[EPIC] S3 multi-tenancy

[chibenwa]

Why?

Multitenancy is today hard coded for the PG implementation as distinct buckets.

Two concerns here:

• This approach is not scaling on top of OVH: [Crash test] [RLS] [PGSQL] [OVH] handling many domains #5177
• Actual encoding of the tenant onto S3 shall not be a Postgres concern. The way to encode a tenant onto the blob store shall be a blob store concern!'

That way blbostore could implement different isolation strategies for tenants (configurable):

• buckets as today - good for few tenants after all.
• distinct prefixes
• AES key derivation CF [EPIC] S3: support SSE-C #5262

Note that AES SSE-C isollation strategy cannot be applied with deduplication as several tenants might store the same blob and override each other keys.

How?

Refactor existing API

Refactor API of the blobstore:

Create a new pojo record Tenant(String name)
Create a new pojo record Bucket(BucketName name, Optional<Tenant> tenant)
Add methds for BlobStore and BlobStoreDAO passing Bucket and BlobId), provide default methods for Bucketname supplying a Bucket with no tenant.

Then each blobStore can implement the isolation it wishes - or not!

Memory blobStore DAO multitenancy

Derive a bucketname per tenant within internal storage.

S3

Configuration:

multi-tenancy.mode=none|bucket|ssec|prefix

Definition of done:

• Documentation
• Basic unit tests

bucket

Derive a bucketname per tenant within internal storage. (IE what PG does but done within S3BlobStoreDAO)

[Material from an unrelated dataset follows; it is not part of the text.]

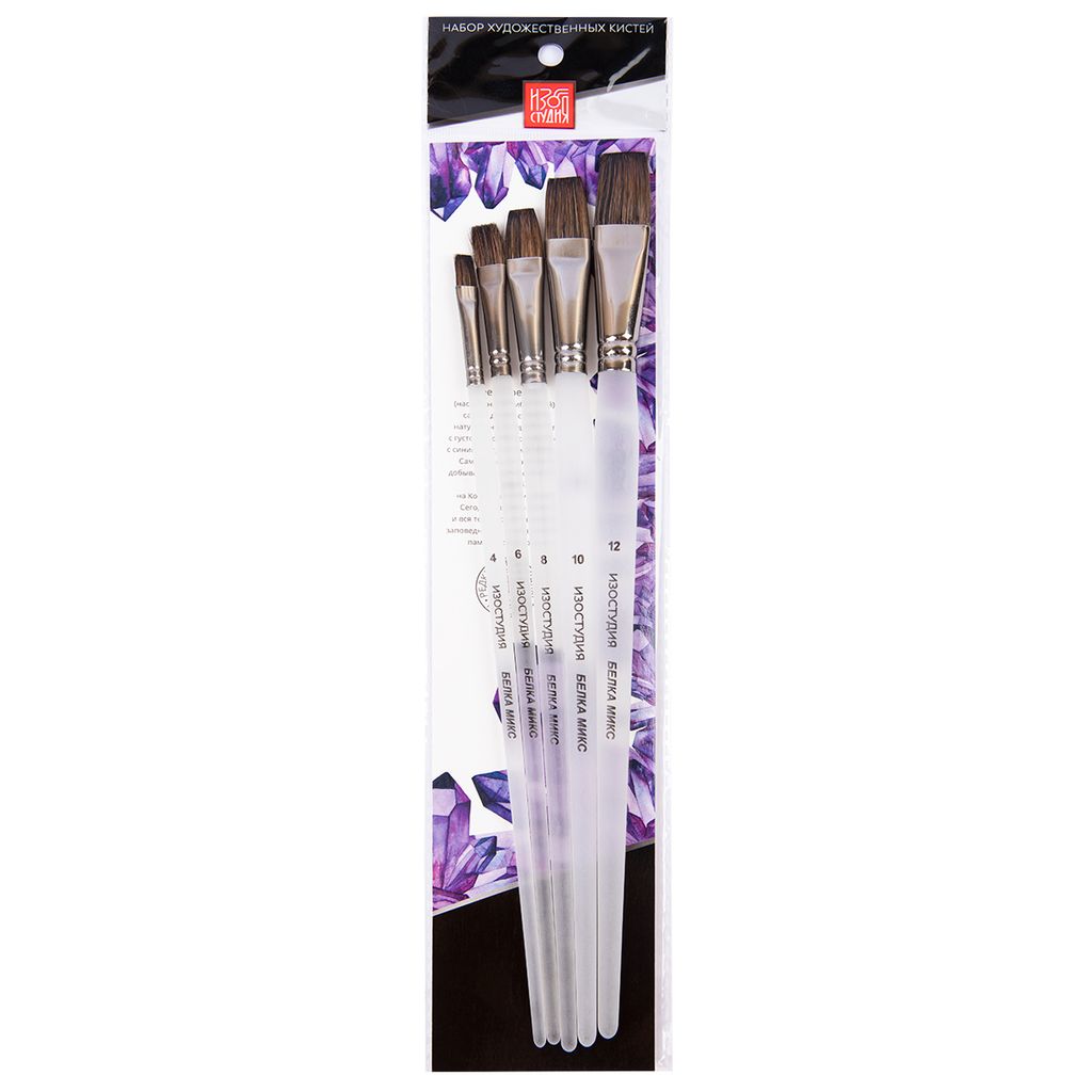 Набор кистей Аква-колор Изостудия белка микс IZO-MIX-02-05 5 шт. длинная ручка плоские № 4, 6, 8, 10, 12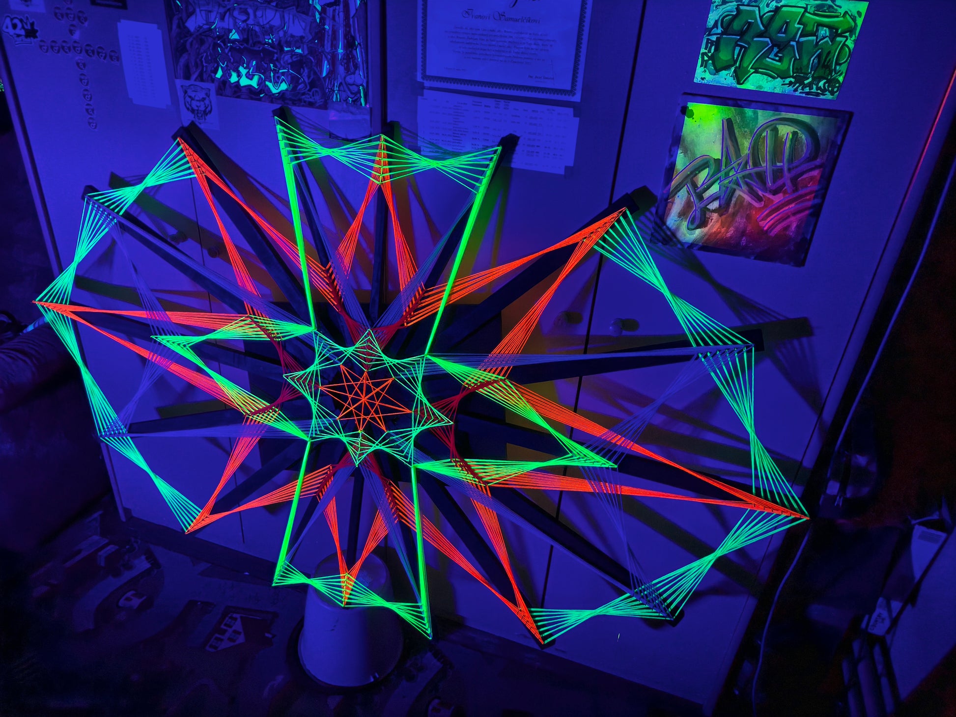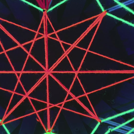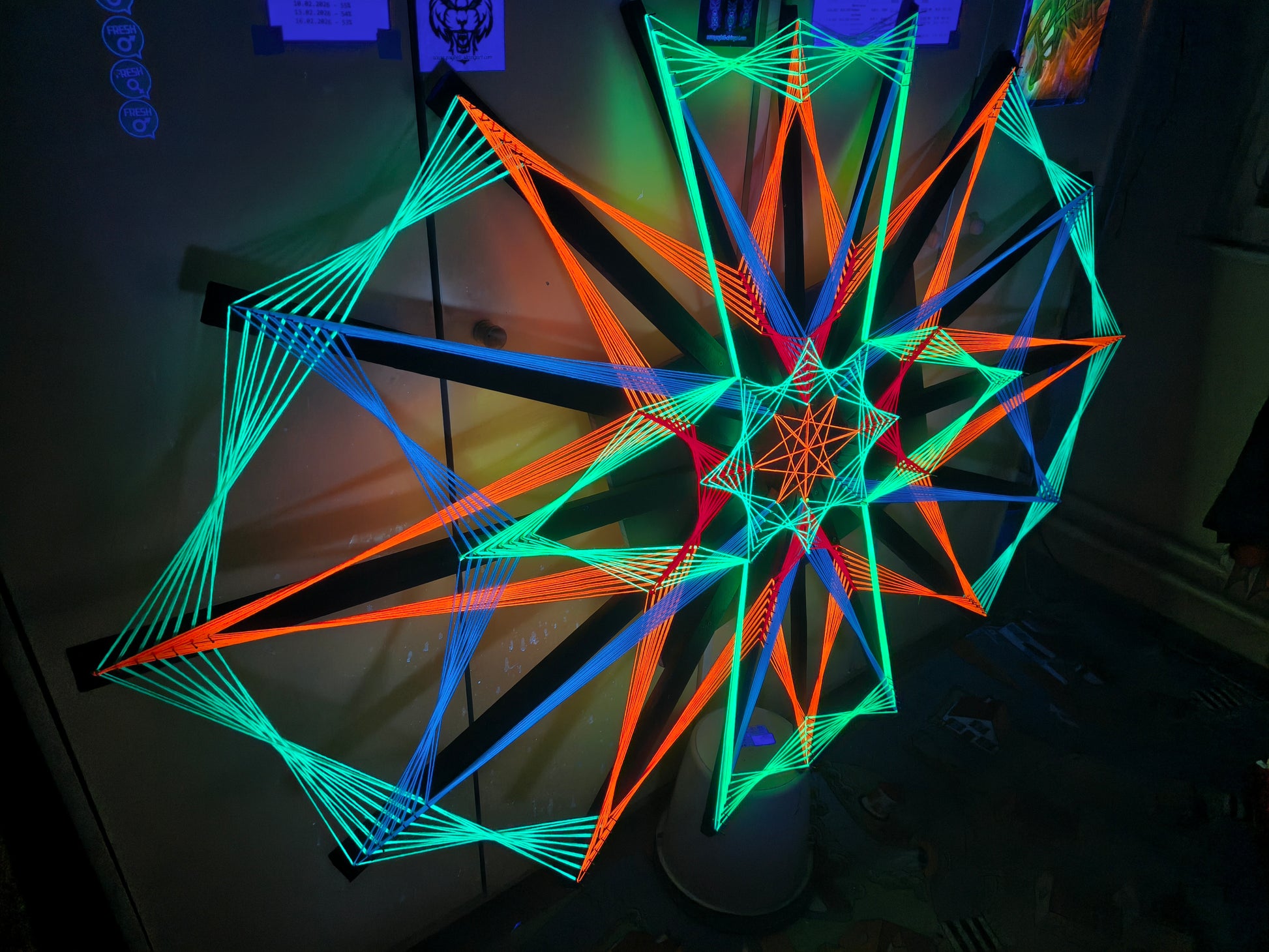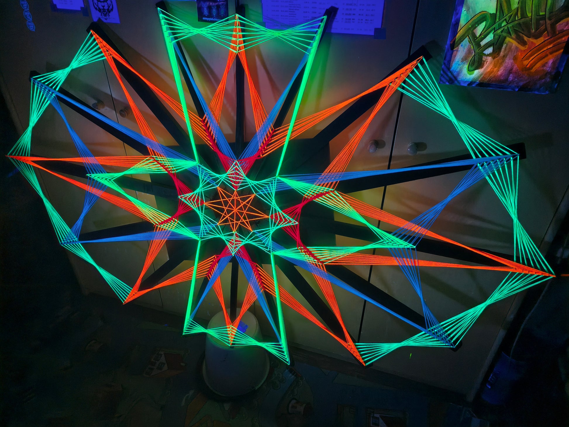Under UV or blacklight, the UV-reactive synthetic acrylic cotton transforms the artwork into a glowing, high-contrast visual field with strong psychedelic energy 🔮

GC is likely broken and shall be tested with this mode...

ssec

Feed the sse c salt with the tenant.

Should fail with deduplicating blobStore.

prefix

Derive the object key within S3 adding the prefix as needed

This interact with the GC!!!. We shall make sure the GC, when listing only takes the last part of the s3Key IE given prefix/ABC the GC only uses ABC as a blobID.

file

Derive a folder per tenant.

Test GC with this too.

PGSQL

Derive a bucketname per tenant within internal storage. (IE what PG does but done within PostgresBlobStoreDAO)

Test GC with this too.

Cassandra

Tenant isolation strategies do not make sense here...

[quantranhong1999]

Reminder: Quan will write the ticket for OpenSearch multi-tenancy
The idea: optional conf to inject domain into documents + inject a filter on each searches.
CF #5263

[chibenwa]

After a discussion with Patrick,

ssec Should fail with deduplicating blobStore.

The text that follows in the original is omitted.